Crider’s adventure in clay began 42 years ago. Working with master potter Leroy Kitzman, she gained technical advice, learned the art of Raku firing, and became aware of the spiritual component of working with clay.

“I learned that to center the clay, I must first center myself,” Crider said.

Traveling and studying in Europe filled Crider with inspiration. When she returned home, she apprenticed with master potter Jay Widmer, who taught her the rhythm of the studio, the tricks of the trade and the Japanese sensibility that the elements of a pot reflect the potter and their journey.

Crider took a break from clay to teach full-time and focus on her children.
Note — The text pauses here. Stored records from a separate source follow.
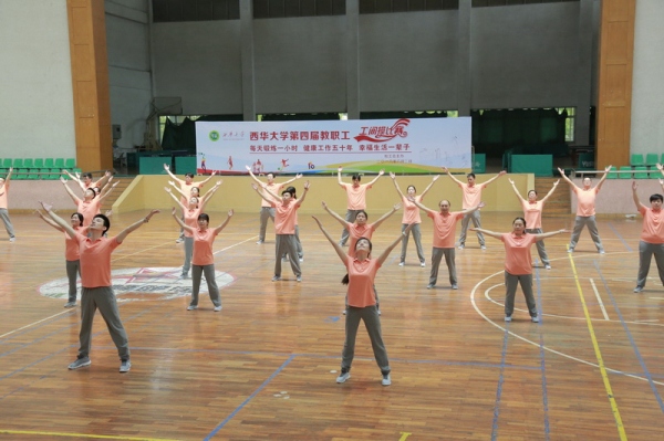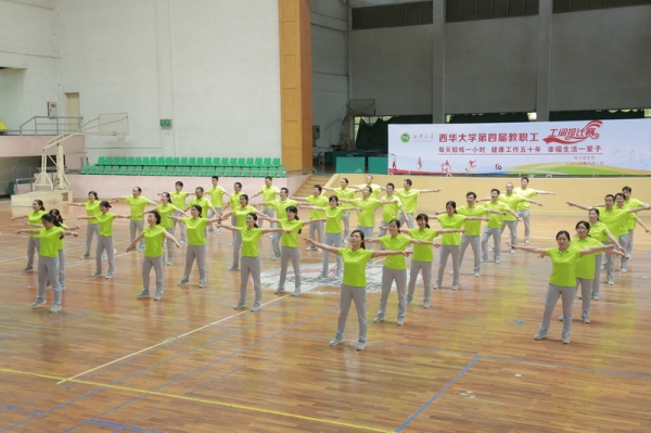 告别五月清凉的微风,迎着六月灿烂的阳光,6月2日下午,由校工会主办的第四届教职工间操比赛在体育馆内如期举行。本次比赛以分工会为单位,包括机关二分工会、机关三分工会、图书馆分工会以及各学院分工会在内的15支队伍参加了比赛,最终,机关三分工会获得冠军,计算机与软件工程学院工会获亚军,艺术学院工会获季军。
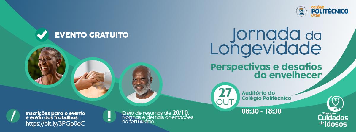 A Jornada da Longevidade da UFSM – Perspectivas e desafios do envelhecer, é um evento satélite da 38ª Jornada Acadêmica Integrada da Universidade Federal de Santa Maria e compõe a programação do Mês da Longevidade parceria do SESC, Prefeitura Municipal de Santa Maria e UFSM. A atividade tem como objetivo promover e aprofundar discussões de produções técnico-científicas acerca do envelhecimento e sua complexidade na contemporaneidade. Trata-se de um momento destinado a troca de experiências, com uma programação científica haverá apresentação de trabalhos selecionados que irão compor um eBook sobre a temática em discussão. É destinado a todas as pessoas que têm interesse na área do envelhecimento e da longevidade.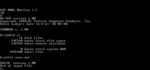 Die ersten Versionen von 86-DOS waren bewusst minimalistisch gehalten. Das System bot nur eine begrenzte Zahl grundlegender Befehle – etwa zwanzig interne und externe Kommandos –, mit denen Dateien verwaltet und Programme gestartet werden konnten. Für Entwickler reichte diese Umgebung jedoch aus, um erste Anwendungen für den neuen 16-Bit-Prozessor zu schreiben.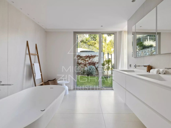 Au sein d’un petit domaine privé sécurisé dans un des meilleurs quartiers de Villefranche, cette magnifique propriété neuve d’environ 360 m2 a été conçue avec des prestations très haut de gamme, par un architecte renommé. De la propriété, on profite d’une vue imprenable sur la prestigieuse presqu’île de Saint Jean Cap Ferrat et la baie de Villefranche. La villa desservie par un ascenseur, offre un intérieur chic, luxueux et moderne avec un vaste espace de réception, une large cuisine moderne. La chambre de maître avec terrasse, salle de bain en suite et dressing occupe tout un étage et dispose également d’un vaste salon. Quatre autres chambres, toutes avec dressing et salle de bain en suite se trouvent au niveau du jardin. Un vaste appartement de 2 pièces complète l’ensemble. Toutes les pièces bénéficient d’une luminosité exceptionnelle en s’ouvrant sur l’espace extérieur ensoleillé et la piscine. Terrain arboré avec agrumes et pelouse. Garage double avec ascenseur pour voiture. Possibilité d’aménager une salle de sport ou de cinéma.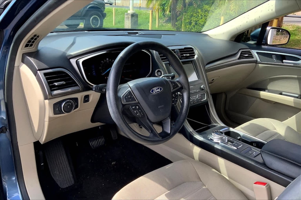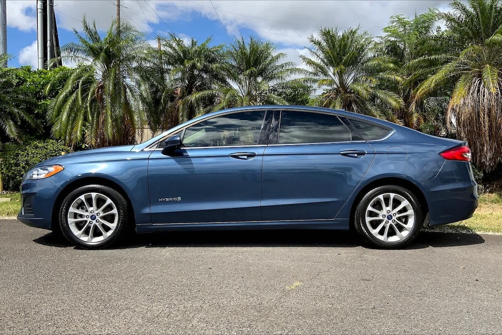 HONOLULU FORD! 808-532-1700, *DONT WAIT! CALL NOW!!, FINANCING AVAILABLE, GUARANTEED APPROVALS! LOW PAYMENTS! GREAT INTEREST RATES!, ***FORD CERTIFIED VEHICLE!! 172 POINT INSPECTION, OIL CHANGE, NEW WIPERS, NEW AIR FILTERS, FULL DET, WE SHIP TO NEIGHBOR ISLANDS!, 172 POINT INSPECTION BY FACTORY TRAINED TECHNICIANS!, STATE SAFETY INSPECTION COMPLETE!, BLUETOOTH HANDS FREE CALLING, ONE OWNER!!, BACK-UP CAMERA, EXTRA CLEAN, WELL TAKEN CARE OF, EXCELLENT FUEL ECONOMY, PREMIUM WHEELS, EXCELLENT CONDITION!, EXCELLENT SERVICE HISTORY!!, ADAPTIVE CRUISE CONTROL, PARKING SENSORS, UPGRADED WHEELS, TOUCH SCREEN, I4 Hybrid, 4-Wheel Disc Brakes, 9 Speakers, ABS brakes, Air Conditioning, Alloy wheels, AM/FM radio: SiriusXM, AppLink/Apple CarPlay and Android Auto, Auto High-beam Headlights, Auto-dimming Rear-View mirror, Automatic temperature control, Brake assist, Bumpers: body-color, Cloth Front Bucket Seats, Compass, Delay-off headlights, Driver door bin, Driver vanity mirror, Dual front impact airbags, Dual front side impact airbags, Electronic Stability Control, Emergency communication system: 911 Assist, Equipment Group 550A, Exterior Parking Camera Rear, Four wheel independent suspension, Front anti-roll bar, Front Bucket Seats, Front Center Armrest, Front dual zone A/C, Front License Plate Bracket, Front reading lights, Fully automatic headlights, Illuminated entry, Knee airbag, Lane Departure Warning System, Low tire pressure warning, Navigation System, Occupant sensing airbag, Outside temperature display, Overhead airbag, Overhead console, Panic alarm, Passenger door bin, Passenger vanity mirror, Power door mirrors, Power driver seat, Power passenger seat, Power steering, Power windows, Radio data system, Radio: AM/FM/MP3 Stereo, Rain sensing wipers, Rear anti-roll bar, Rear Parking Sensors, Rear reading lights, Rear seat center armrest, Rear window defroster, Remote keyless entry, Security system, Speed control, Speed-sensing steering, Speed-Sensitive Wipers, Split folding rear seat, Steering wheel mounted audio controls, SYNC 3 Communications & Entertainment System, Tachometer, Telescoping steering wheel, Tilt steering wheel, Traction control, Trip computer, Variably intermittent wipers, Wheels: 17 Sparkle Silver-Painted Aluminum, I4 Hybrid. Recent Arrival! Blue Metallic 2019 Ford Fusion Hybrid SE FWD eCVT I4 Hybrid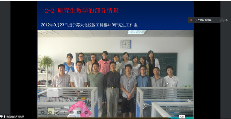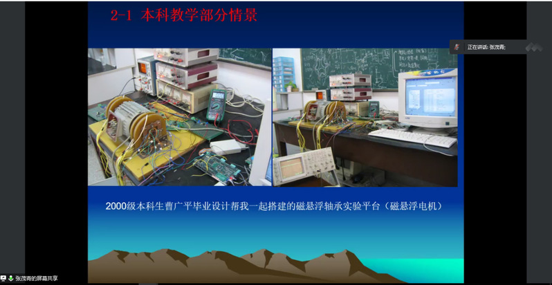 随后,张茂青教授以2008级本科电气4班为例子,向同学们播放了教学实验视频并嘱咐:“同学们工科学生离不开实验,但做实验时一定要在老师的指导下进行,以保证安全为第一要义。”接下来,张茂青教授又分享2005级研究生的执教经历,以贴片机控制系统设计与控制软件的开发以及96式主战坦克发动机辅助启动系统研制为主要切入点,鼓励研究生要勇于实践,敢于创新,不断攀登科学高峰。同时,在科研之余要注重身体健康,多参加文体活动,遵从习近平总书记对于当代大学生的嘱托——新时代青年学子要德智体美劳全面发展。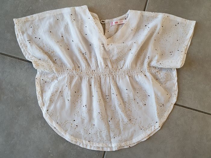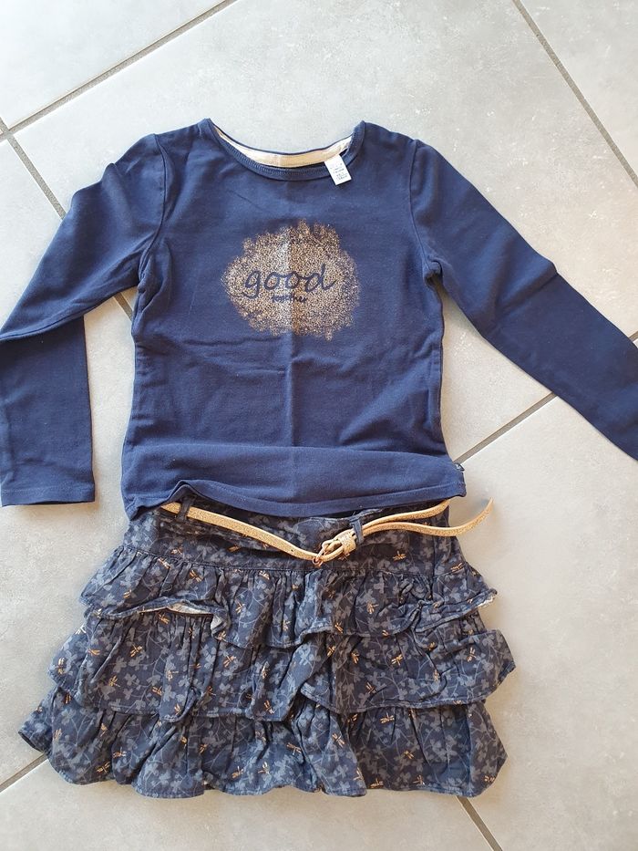 Comprend 1 chemisier gemo 1 robe lulu castagnette 1 ensemble t-shirt manches longues et jupe okaidi Très bon état sauf robe lulu qui bouloche cf photo

After an extended hiatus of 21 years, she reopened her Yakima, Washington, studio in 2014.

She has gravitated to carving into the leather-hard clay before it is fired. The process is slow, requiring more than 10 hours of carving for a large bowl or platter. She draws her design onto clay with a variety of tools. Gingko leaves, a symbol of peace and calmness, are a favorite theme, as are maple leaves and magnolia flowers. She also creates abstract textural pieces reminiscent of undulating landscapes or abstract waves.

Gallery North patrons may remember Crider – she won first place in the Gallery North 2016 Small Works Show.

Gallery North is at 401 Main St., Edmonds. More information: www.gallerynorthedmonds.com, 425-774-0946.